Карел скрестил на груди руки и посмотрел на младшего брата с насмешкой, смешанной с сочувствием.

– А ты не можешь без миссии, да? Тебе обязательно нужно верить в то, что ты создан для чего-то.

– В том, что я выжил тогда, должен быть какой-то смысл, – упрямо повторил Войтех, не поворачиваясь к Карелу. – Рано или поздно я его пойму. Есть одно видение, – добавил он после секундного колебания, – которое случилось первым и с тех пор повторялось несколько раз. Оно бессмысленное: я вижу только монеты, падающие на пол.

– Монеты? Кроны?

– Нет, не кроны, не евро, не рубли… Какие-то непонятные монеты. Дело не в них, дело в ощущении, которое сопровождает их падение. Это чувство отчаяния, безысходности. – Войтех наконец посмотрел на Карела. – Мне оно знакомо – это осознание конца.

– И что это значит? – напряженно уточнил тот.

– Это значит, что я умру, – спокойно пояснил Войтех. – Только не делай такое лицо, – он принужденно рассмеялся. – Я не знаю, когда это произойдет и как. В общем и целом я готов к этому, но я хочу понять, что такого важного я должен успеть сделать.

– А ты уверен, что должен? – Карел все-таки достал еще одну сигарету и поджег ее.

– Мне бы хотелось в это верить, – голос Войтеха прозвучал еще тише, чем обычно. – Мне бы хотелось, чтобы в моей жизни – и моей смерти, если уж так суждено, – был какой-то смысл.

– Всем этого хочется, – Карел презрительно фыркнул. – Только все это ерунда, Войта. Наши жизни и наши смерти – просто нелепая случайность. В них нет никакого смысла. Никакого предназначения. Есть здесь и сейчас – и этим надо уметь наслаждаться. А не угрюмо ждать финиша, надеясь на то, что он окажется фееричным.

– Возможно, ты прав, – Войтех улыбнулся, не желая спорить. Ему просто давно хотелось выговориться, и брат внезапно оказался тем единственным человеком, с которым он мог себе это позволить.

– Я всегда прав, – высокомерно заявил Карел, а потом демонстративно вздохнул. – Черт тебя побери, Тешка. Лучше бы дело было в кудрявом докторе. Ты ей нравишься, кстати, ты знаешь?

– С чего ты взял? – Войтех предпринял тщетную попытку скрыть причину своего интереса, но по насмешливому взгляду Карела понял, что ему не удалось.

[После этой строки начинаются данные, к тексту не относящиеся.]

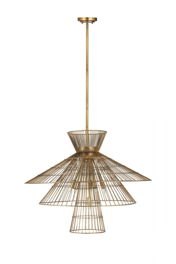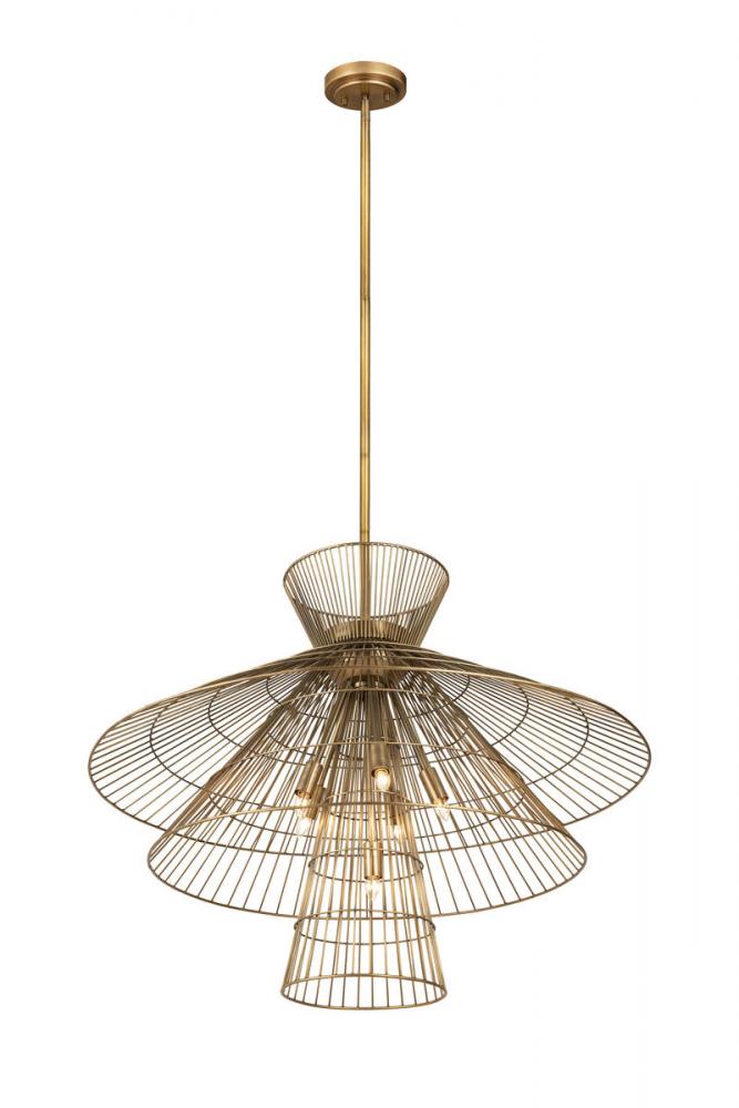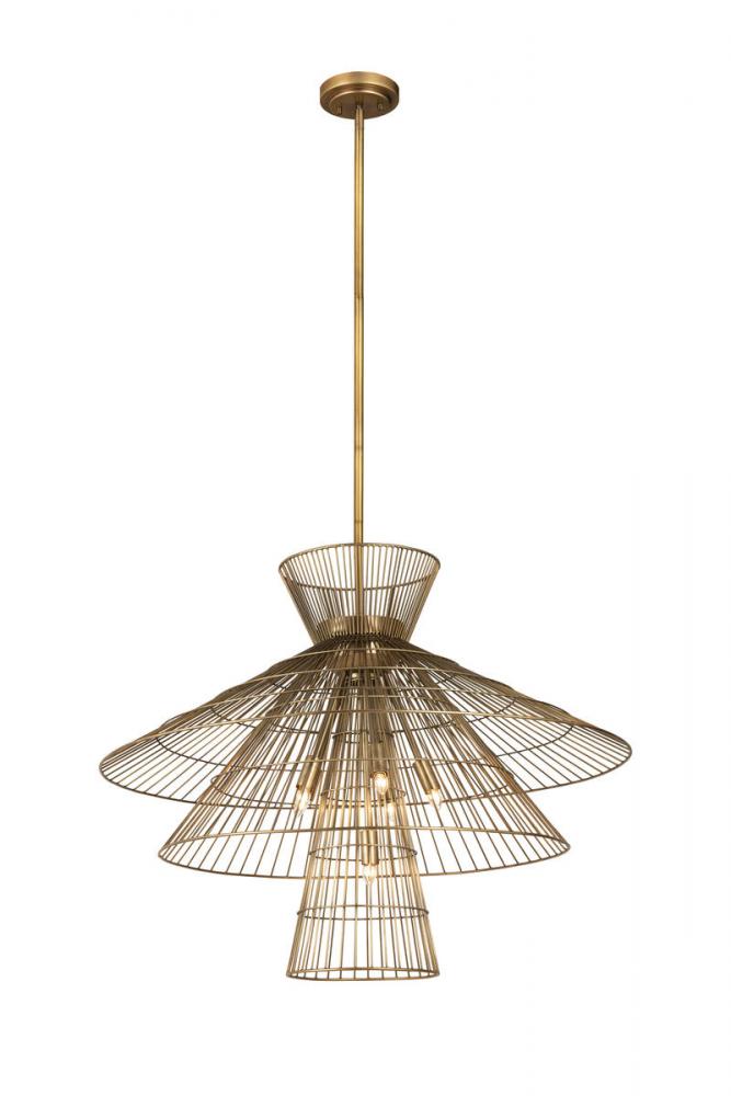 Change up modern d?cor with a light fixture that delivers cool personality and a mix of modern and industrial design motifs. This eight-light pendant from the Alito collection creates a stir in any space with a multi-tiered geometric arrangement of charming wired open conical shades. With a warm rubbed brass finish body, down rod, and canopy, this pendant tells a story in a custom, upbeat dining space, entryway, or main living area.

– Слышал бы ты, как она меня отчитывала за то, что мы тебя бросили.

– У нее свои представления о том, как люди должны себя вести.

– У нее Синдром Спасителя, – поправил Карел. – С докторами такое бывает. Да и с русскими женщинами вообще, насколько я слышал. Она видит тебя, такого одинокого и несчастного, жалеет и жаждет спасти.

– Жалеет? – переспросил Войтех.

– Слушай, даже мне тебя жалко, бестолкового, что уж говорить о впечатлительной барышне. Ты бы ловил момент, раз она тебе самому так нравится.

– По-твоему, жалость – это хорошее основание уйти от любящего и любимого благополучного мужа? – фыркнул Войтех.

– Жалость, наряду с восхищением и благодарностью, прекрасная основа для любви, – авторитетно заявил Карел.

– С каких пор ты стал специалистом по любви? – поддел его Войтех и с удивлением увидел, как тот отвел взгляд в сторону и промолчал в ответ. – Да ладно?

– Не обольщайся, – отмахнулся Карел, выбрасывая в пепельницу недокуренную сигарету и совершенно неожиданно уходя с балкона.

– Кто она? Я ее знаю? – Войтех не пожелал сдаваться и последовал за ним.

– Нет, – отрезал Карел, не оборачиваясь и сбегая от него в гостиную.

Сам Войтех, удивленный признанием – или почти признанием – брата, замер посреди родительской спальни. Его внимание привлек шкаф, в котором, если ему не изменяла память, мама хранила альбомы с фотографиями.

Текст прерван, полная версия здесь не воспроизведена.